Step 1: Calculation of Mean ($\bar{x}$)
We use the Assumed Mean Method. Let the assumed mean $a = 11.5$. The class size $h = 3$.
| Class Interval | Frequency ($f_i$) | Class Mark ($x_i$) | $d_i = x_i - a$ | $u_i = \frac{x_i - a}{h}$ | $f_i u_i$ |
|---|---|---|---|---|---|
| 1-4 | 6 | 2.5 | -9 | -3 | -18 |
| 4-7 | 30 | 5.5 | -6 | -2 | -60 |
| 7-10 | 40 | 8.5 | -3 | -1 | -40 |
| 10-13 | 16 | 11.5 | 0 | 0 | 0 |
| 13-16 | 4 | 14.5 | 3 | 1 | 4 |
| 16-19 | 4 | 17.5 | 6 | 2 | 8 |
| Total | $\sum f_i = 100$ | - | - | - | $\sum f_i u_i = -106$ |
Formula for Mean: $\bar{x} = a + \left( \frac{\sum f_i u_i}{\sum f_i} \right) \times h$
$\bar{x} = 11.5 + \left( \frac{-106}{100} \right) \times 3 = 11.5 - 3.18 = 8.32$
Step 2: Calculation of Median
Total frequency $N = 100$. So, $N/2 = 50$.
| Class Interval | Frequency ($f_i$) | Cumulative Frequency ($cf$) |
|---|---|---|
| 1-4 | 6 | 6 |
| 4-7 | 30 | 36 |
| 7-10 | 40 | 76 |
The cumulative frequency just greater than 50 is 76, so the median class is $7-10$.

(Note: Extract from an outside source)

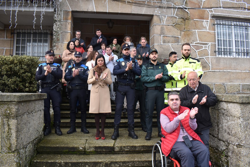 En el acto participaron miembros del equipo de gobierno municipal, trabajadores y trabajadoras del Concello de Mos, efectivos de la Policía Local de Mos, de la Guardia Civil de Mos y Emergencias de Mos, así como vecinas y vecinos que quisieron sumarse a este gesto colectivo de duelo y recuerdo.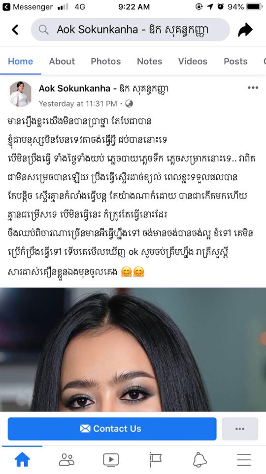 «មានរឿងខ្លះយើងមិនបានប្រាថ្នា តែបែជាបាន ខ្ញុំជាមនុស្សមិនមែនទេវតាចង់ធ្វើអ្វី ជប់បាននោះទេ បើមិនប្រឹងធ្វើ ទាំងថ្ងៃទាំងយប់ ភ្លេចបាយភ្លេចទឹក ភ្លេចសម្រាកនោះទេ.. វាពិតជាមិនសម្រេចបានឡើយ ប្រឹងធ្វើស្ទើរដាច់ខ្យល់ ពេលខ្លះទទួលផលបានតែបន្តិច ស្ទើរគ្មានកំលាំងធ្វើបន្ត តែយ៉ាងណាក៏ដោយ បានជាកើតមកហើយ គ្មានជម្រើសទេ បើមិនធ្វើនេះ ក៏ត្រូវតែធ្វើនោះដែរ ចឹងឈប់ពិចារណាច្រើនមានអីធ្វើហ្នឹងទៅ ចង់មានចង់បានចង់ល្អ ខំទៅ គេមិនប្រើក៏ប្រឹងធ្វើទៅ ទើបគេមើលឃើញ ok សូមចប់ត្រឹមហ្នឹង រាត្រីសួស្តី សារដាស់តឿនខ្លួនឯងមុនចូលគេង»។

Lower limit ($l$) = 7, $cf$ of preceding class = 36, $f$ of median class = 40, $h = 3$.
Median = $l + \left( \frac{N/2 - cf}{f} \right) \times h = 7 + \left( \frac{50 - 36}{40} \right) \times 3 = 7 + \left( \frac{14}{40} \right) \times 3 = 7 + 1.05 = 8.05$
Step 3: Calculation of Mode
The modal class is the class with the highest frequency, which is $7-10$ ($f_1 = 40$).
$l = 7, f_1 = 40, f_0 = 30, f_2 = 16, h = 3$.
Mode = $l + \left( \frac{f_1 - f_0}{2f_1 - f_0 - f_2} \right) \times h = 7 + \left( \frac{40 - 30}{2(40) - 30 - 16} \right) \times 3$
Mode = $7 + \left( \frac{10}{80 - 46} \right) \times 3 = 7 + \left( \frac{10}{34} \right) \times 3 = 7 + 0.88 = 7.88$
Final Answer: The Mean number of letters is 8.32, the Median is 8.05, and the Mode is 7.88.